Cop begs lawmakers not to make him put handcuffs on ‘hero’ doctors who helped his trans daughter

Emma Powys Maurice
·3-min read

An Alabama police officer has begged lawmakers not to criminalise the “hero” doctors who supported his teenage daughter as she came out as transgender.

David Fuller, a sergeant with the Gadsden Police Department, addressed the Alabama House Judiciary Committee as it considered a bill that would make it a felony to prescribe puberty blockers or other forms of transgender therapy to minors.

After his wife died Fuller was left raising three children as a single father; when one of them told him she was transgender at age 16, he was absolutely floored.

“To say I was shocked was an understatement,” he said, according to AL.com.

He quickly realised that his child needed expert help, which thankfully he found at UAB medicine in Birmingham, Alabama.

Five years on, Fuller told the panel that he could not comprehend penalising the professionals who helped him and his daughter navigate such a difficult journey.

“They made us feel like we weren’t alone, that we were normal in an abnormal situation and they could help us,” Fuller said. “They didn’t push anything on us. Just the opposite.
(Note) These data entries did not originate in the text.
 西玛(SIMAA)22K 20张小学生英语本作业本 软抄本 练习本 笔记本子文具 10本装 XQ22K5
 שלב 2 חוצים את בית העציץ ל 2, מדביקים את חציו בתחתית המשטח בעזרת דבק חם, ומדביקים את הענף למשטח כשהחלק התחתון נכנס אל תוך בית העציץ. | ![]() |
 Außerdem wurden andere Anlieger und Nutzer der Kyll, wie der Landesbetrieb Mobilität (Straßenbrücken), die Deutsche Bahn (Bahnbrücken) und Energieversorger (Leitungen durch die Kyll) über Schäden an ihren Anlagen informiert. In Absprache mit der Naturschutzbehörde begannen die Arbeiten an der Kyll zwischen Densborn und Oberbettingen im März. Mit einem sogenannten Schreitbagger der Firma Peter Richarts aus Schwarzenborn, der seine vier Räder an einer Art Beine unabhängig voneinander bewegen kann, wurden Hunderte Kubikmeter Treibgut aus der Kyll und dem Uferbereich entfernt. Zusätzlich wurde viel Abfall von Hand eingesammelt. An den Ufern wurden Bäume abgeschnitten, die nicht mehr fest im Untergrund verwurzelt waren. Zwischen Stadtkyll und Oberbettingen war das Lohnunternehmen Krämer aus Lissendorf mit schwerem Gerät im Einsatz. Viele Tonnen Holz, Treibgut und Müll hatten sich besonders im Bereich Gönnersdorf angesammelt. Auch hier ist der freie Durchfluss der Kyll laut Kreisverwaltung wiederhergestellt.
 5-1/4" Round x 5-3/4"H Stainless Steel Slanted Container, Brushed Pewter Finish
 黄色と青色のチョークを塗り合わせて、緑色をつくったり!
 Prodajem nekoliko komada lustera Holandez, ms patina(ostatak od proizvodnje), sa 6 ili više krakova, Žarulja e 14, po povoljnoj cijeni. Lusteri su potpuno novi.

They reeled us in at every step.

“They made sure it was baby steps. It’s been a five-year process now and they haven’t pushed anything on us. Just the opposite. And they are angels to me.

“And as a police officer, you’re asking me to someday put handcuffs on these people that are heroes in my life? … Please, don’t ask me to do that.”
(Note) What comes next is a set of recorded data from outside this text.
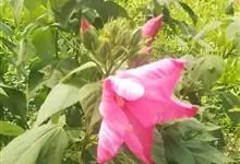 芙蓉葵是锦葵科木槿属植物,又名草芙蓉、大花秋葵,原产于北美。落叶灌木状。叶大、广卵形,叶柄、叶背密生灰色星状毛。花大,单生于叶腋,有白、粉、红、紫等色。喜阳、略耐阴,宜温暖湿润气候,忌干旱,耐水湿,…全部>>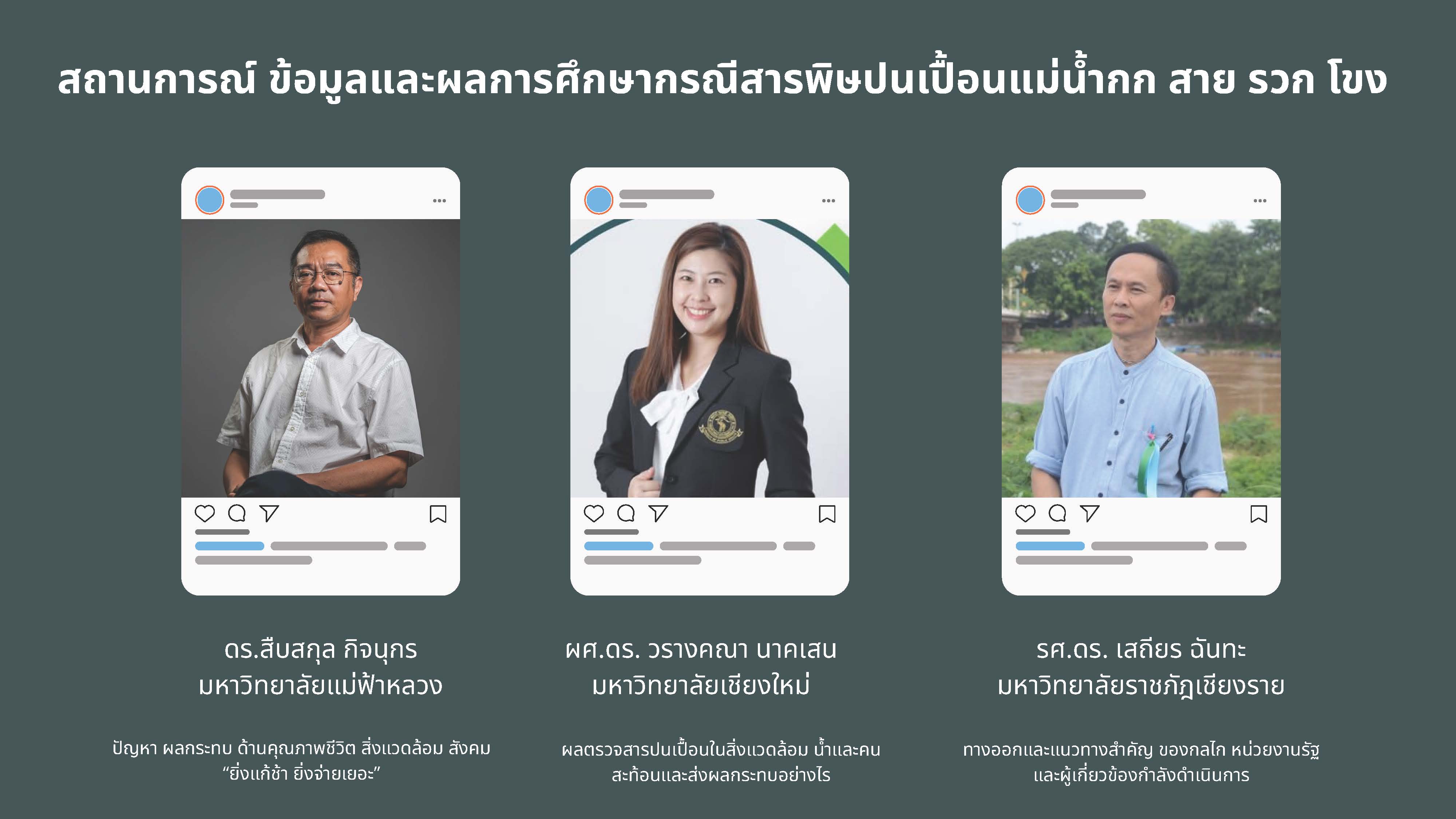 - ผลการวิเคราะห์สารปนเปื้อนทางวิทยาศาสตร์ โดย รศ.ดร.วรางคณา นาคเสน มหาวิทยาลัยเชียงใหม่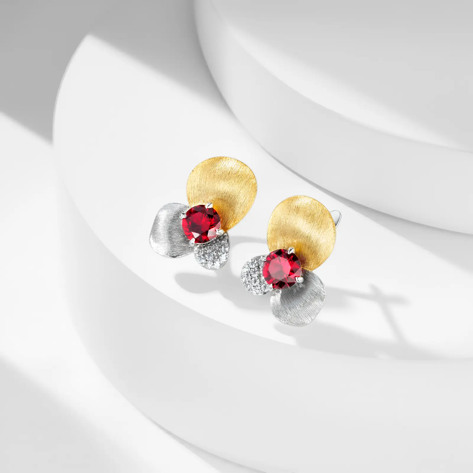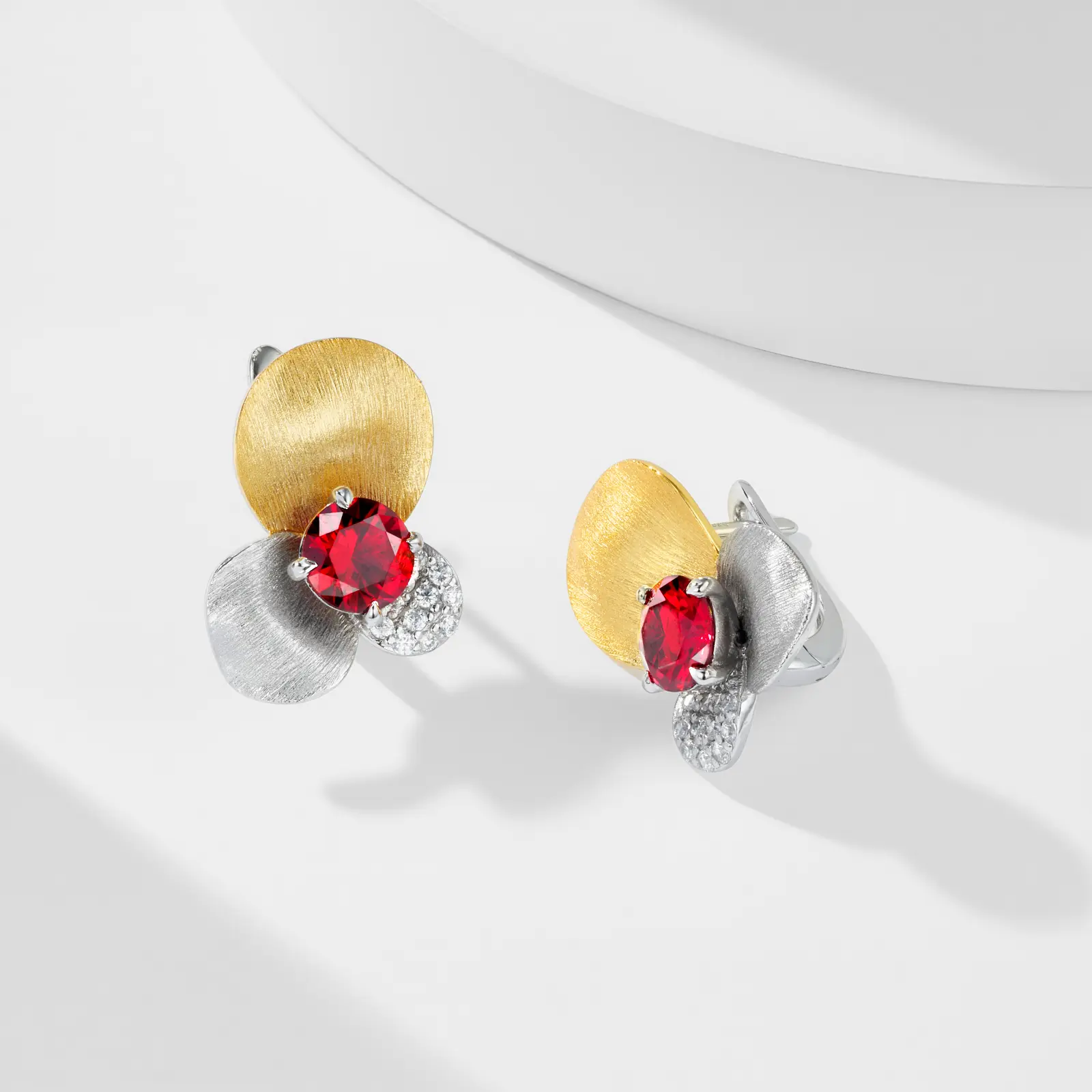Flower Shape Gold Silver Lab Grown Ruby Luster Texture Stud Earrings for Women Casual Office Dainty Earrings Jewelry Factory Manufacture Price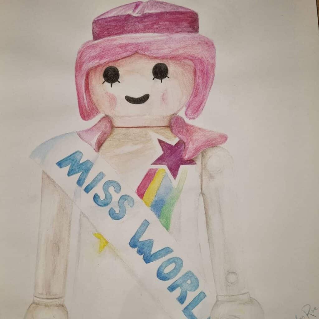 „Það er mjög misjafnt hvað ég er lengi að teikna hverja mynd en þessar sem fólk fær að sjá, taka mig marga daga, upp í vikur að gera. Myndir sem ég geri á skemmri tíma fær bara skúffan mín að sjá. Lang mest nota ég bara ódýra blýanta. Ef ég nota liti þá eru það vatnslitatrélitir frá Faber-Castell. Ég vil ekki eiga of mikið af allskonar dóti, áskorunin er að nota bara það sem ég á til.“

The bill, dubbed the Alabama Vulnerable Child Compassion and Protection Act, could see doctors face up to 10 years in prison if they provide gender-affirming treatment to trans youth like Fuller’s daughter.

As it prepares to vote on the bill in the coming weeks, the judiciary committee heard arguments from seven other people at the public hearing.

Among them was a Montgomery paediatrician Dr Den Trumbull, who claimed that transgender minors would benefit from parents who ignored their trans identity and forced the gender they were assigned at birth on to them.

Claiming that teenagers lack the maturity to make decision about receiving hormone therapy, he insisted: “Our gender-confused children need help. But not this form of misguided therapy.”

But Dr Morissa Ladinsky, associate professor of paediatrics at UAB Medicine, said the treatment is part of established, evidence-based standards of care that promote good health for trans youth.

“These youth are not mentally ill. They’re not jumping on a trend,” she said. “They’re real. They’re ordinary and loving people. Just their inner sense of gender may differ from their sex assigned at birth.”

A landmark study released this month proved that the majority of trans teens who take puberty blockers feel happier, more comfortable, and had better relationships with family and peers as a result of the treatment.

It corroborated an earlier study which examined the correlation between suicide risk and access to puberty blockers, definitively proving that the drugs really do save lives.